-- HOW TO COMPLETE THIS TASK --
Find the line holding "2020 REMODELED CONDO!" in the entries below. Give it again exactly, along with every line after it up to and including the line holding "徐州交通运输综合行政执法支队".

=== LISTED RECORDS ===

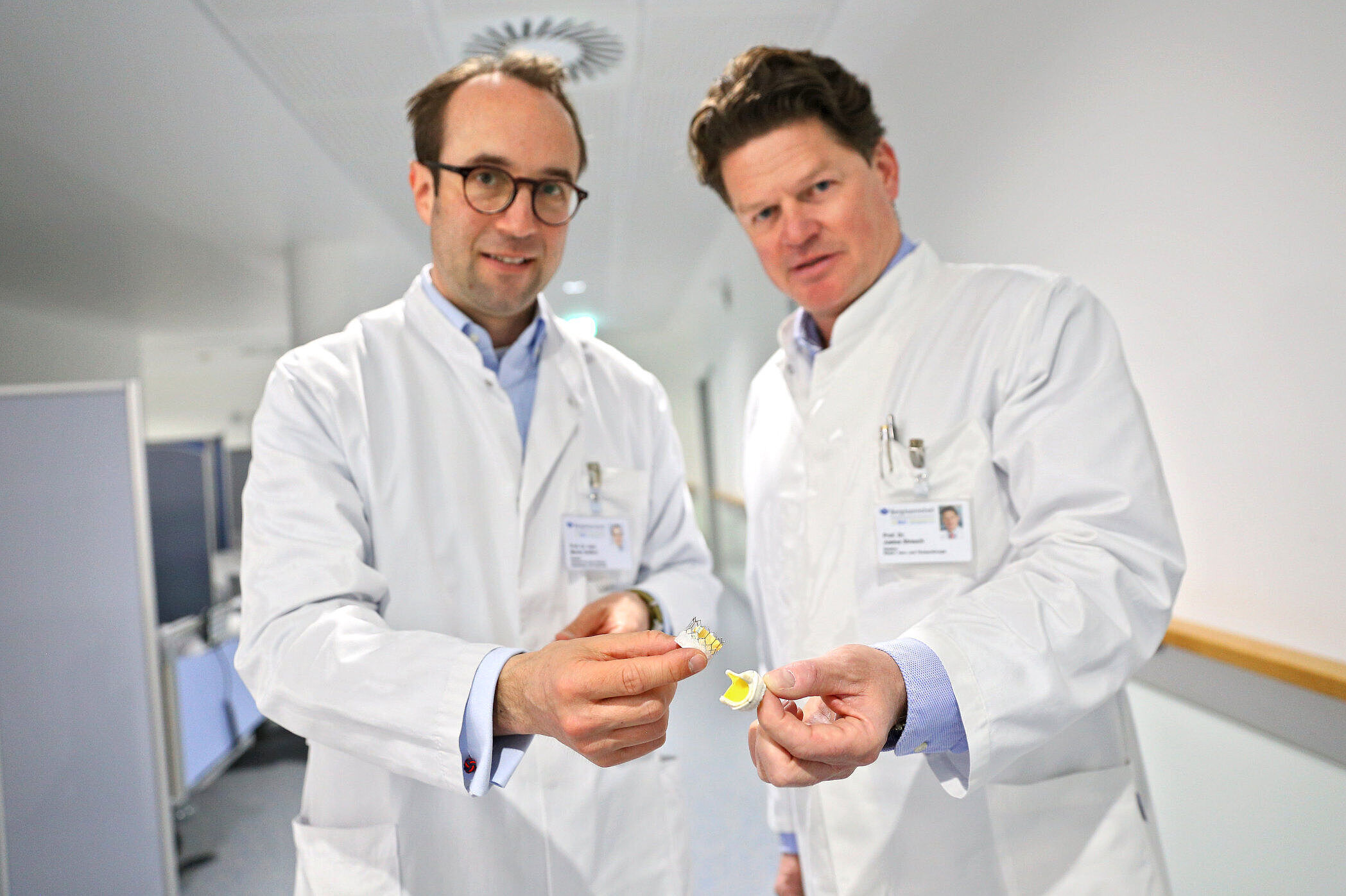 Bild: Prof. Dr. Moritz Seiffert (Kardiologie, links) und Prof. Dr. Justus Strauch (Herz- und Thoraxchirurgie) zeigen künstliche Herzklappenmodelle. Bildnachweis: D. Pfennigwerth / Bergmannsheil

===
=== LISTED RECORDS ===

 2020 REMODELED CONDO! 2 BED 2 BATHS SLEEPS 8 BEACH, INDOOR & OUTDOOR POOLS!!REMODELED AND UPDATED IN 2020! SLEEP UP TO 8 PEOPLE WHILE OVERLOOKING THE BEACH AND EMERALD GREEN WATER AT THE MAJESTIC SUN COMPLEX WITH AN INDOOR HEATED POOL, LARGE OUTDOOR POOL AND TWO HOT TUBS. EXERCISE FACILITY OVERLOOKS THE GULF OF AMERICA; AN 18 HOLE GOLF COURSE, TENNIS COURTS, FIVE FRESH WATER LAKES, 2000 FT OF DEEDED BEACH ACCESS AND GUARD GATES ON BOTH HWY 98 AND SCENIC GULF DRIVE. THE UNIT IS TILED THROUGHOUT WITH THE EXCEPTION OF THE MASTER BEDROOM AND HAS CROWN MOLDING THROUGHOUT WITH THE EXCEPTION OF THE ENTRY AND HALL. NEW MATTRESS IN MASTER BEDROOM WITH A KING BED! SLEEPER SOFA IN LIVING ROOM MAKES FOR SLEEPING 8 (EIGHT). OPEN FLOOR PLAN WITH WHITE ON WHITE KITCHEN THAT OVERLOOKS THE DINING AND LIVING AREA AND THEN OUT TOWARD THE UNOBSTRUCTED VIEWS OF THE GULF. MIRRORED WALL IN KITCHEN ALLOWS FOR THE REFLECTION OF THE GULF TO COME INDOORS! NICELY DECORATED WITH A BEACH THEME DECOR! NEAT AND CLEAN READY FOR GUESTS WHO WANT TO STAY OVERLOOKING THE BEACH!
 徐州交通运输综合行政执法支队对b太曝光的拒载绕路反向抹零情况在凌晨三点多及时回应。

===

-- OUTPUT FOR THIS TASK --
 2020 REMODELED CONDO! 2 BED 2 BATHS SLEEPS 8 BEACH, INDOOR & OUTDOOR POOLS!!REMODELED AND UPDATED IN 2020! SLEEP UP TO 8 PEOPLE WHILE OVERLOOKING THE BEACH AND EMERALD GREEN WATER AT THE MAJESTIC SUN COMPLEX WITH AN INDOOR HEATED POOL, LARGE OUTDOOR POOL AND TWO HOT TUBS. EXERCISE FACILITY OVERLOOKS THE GULF OF AMERICA; AN 18 HOLE GOLF COURSE, TENNIS COURTS, FIVE FRESH WATER LAKES, 2000 FT OF DEEDED BEACH ACCESS AND GUARD GATES ON BOTH HWY 98 AND SCENIC GULF DRIVE. THE UNIT IS TILED THROUGHOUT WITH THE EXCEPTION OF THE MASTER BEDROOM AND HAS CROWN MOLDING THROUGHOUT WITH THE EXCEPTION OF THE ENTRY AND HALL. NEW MATTRESS IN MASTER BEDROOM WITH A KING BED! SLEEPER SOFA IN LIVING ROOM MAKES FOR SLEEPING 8 (EIGHT). OPEN FLOOR PLAN WITH WHITE ON WHITE KITCHEN THAT OVERLOOKS THE DINING AND LIVING AREA AND THEN OUT TOWARD THE UNOBSTRUCTED VIEWS OF THE GULF. MIRRORED WALL IN KITCHEN ALLOWS FOR THE REFLECTION OF THE GULF TO COME INDOORS! NICELY DECORATED WITH A BEACH THEME DECOR! NEAT AND CLEAN READY FOR GUESTS WHO WANT TO STAY OVERLOOKING THE BEACH!
 徐州交通运输综合行政执法支队对b太曝光的拒载绕路反向抹零情况在凌晨三点多及时回应。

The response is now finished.